Analysis of the Increase and Decrease Algoorithms for Congestion Avoidance in Computer Networks

An abstract setting where there are multiple nodes competing for a single resource is considered. The total resource requirement is the sum of each nodes' requirement. The goal is to control the amount of requirements of each node by providing a binary feedback indicating the load of the resource so that the resource is utilized efficiently (meaning the system operates near its "knee"), fairly (meaning the resource capacity is equally divided among nodes), and without having to provide the details to the nodes beyond the binary feedback.

The first control method proposed is a linear control where the state equation is linear. The state equation used in each time slice is determined by the feedback signal. When an increase is requested, by using an additive control the efficiency can be improved while the fairness stays the same. When a decrease is requested, by using a multiplicative control, the efficiency and fairness can be improved. It is ideal to simultaneously minimize the time to convergence and overshoot but the reality is that these do not move in the same direction with respect to the control levers. This is a result somewhat expected since taking big steps ensure a rapid approach to the goal but results in a large scale of oscillation. The paper finishes with a non-linear control alternative and states some practical issues.

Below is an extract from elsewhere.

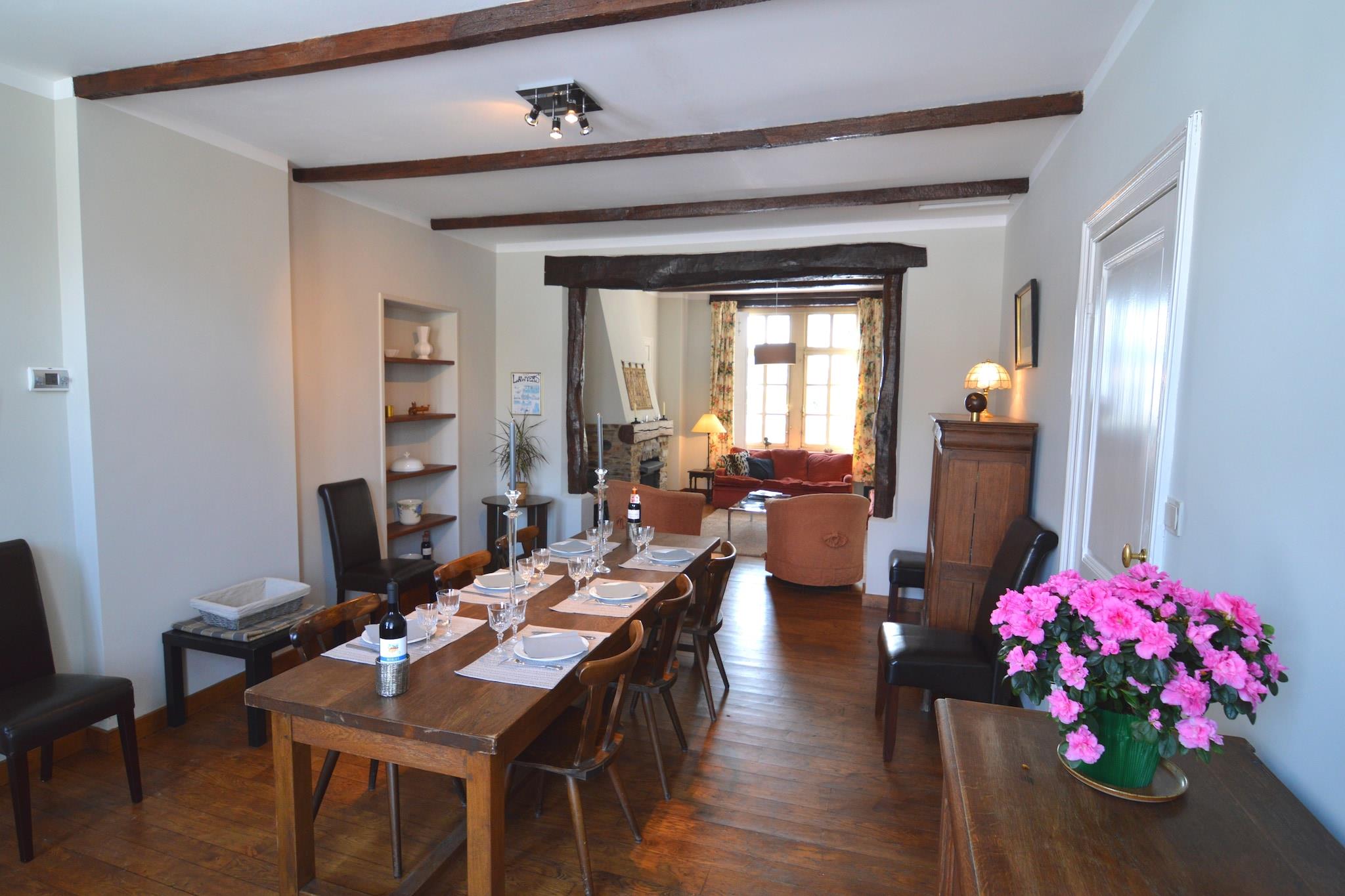 Dette fredfyldte 4-værelses feriehus i Roumont er perfekt til en gruppe på 9 eller familier med børn. Beliggende i hjertet af de smukke belgiske Ardenner, tilbyder det fred, komfort og fantastiske naturlige omgivelser. Gæsterne kan slappe af på den private terrasse eller i den møblerede have, som er ideel til udendørs måltider og familietid. Naturelskere vil nyde lange gåture i skoven kun 1 km væk, hvor det lokale dyreliv ofte kan ses. For at spise ude ligger der restauranter 5 km fra ejendommen, og et supermarked i samme afstand sikrer, at du har alt det nødvendige til dit ophold. Indenfor har opholds-/spiseområdet en hyggelig pejs, perfekt til at slappe af efter en dag med eventyr. Det moderne køkken er fuldt udstyret til at tilberede hjemmelavede måltider. Soveværelserne byder på fem komfortable enkeltsenge og ekstra sovemuligheder til en afslappende nat. Med parkering på stedet og adgang til offentlig transport kun 5 km væk, byder boligen på både afsondrethed og bekvemmelighed. Dette hjem er ideelt til en afslappende ferie i naturen og byder dig velkommen til et mindeværdigt ophold.

This paper restricted its attention to a simple confined setting which helps to convey the important ideas. The overall approach was very reasonable and well explained. I did notice something that was wrong: p.12 the time to reach the goal. The top part should be when 0 < b, b \neq 1 and the bottom part b=1, not b=0. I am curious about whether such mechanism is currently implemented in today's Internet. Since the nodes in this papers would represent the routers, are routers able to adjust the rate at which packets are sent out? A more realistic model would involve resources forming a network structure. This would have the added complexity of having the resource capacity itself being controlled according to the feedback provided by the resource it is using.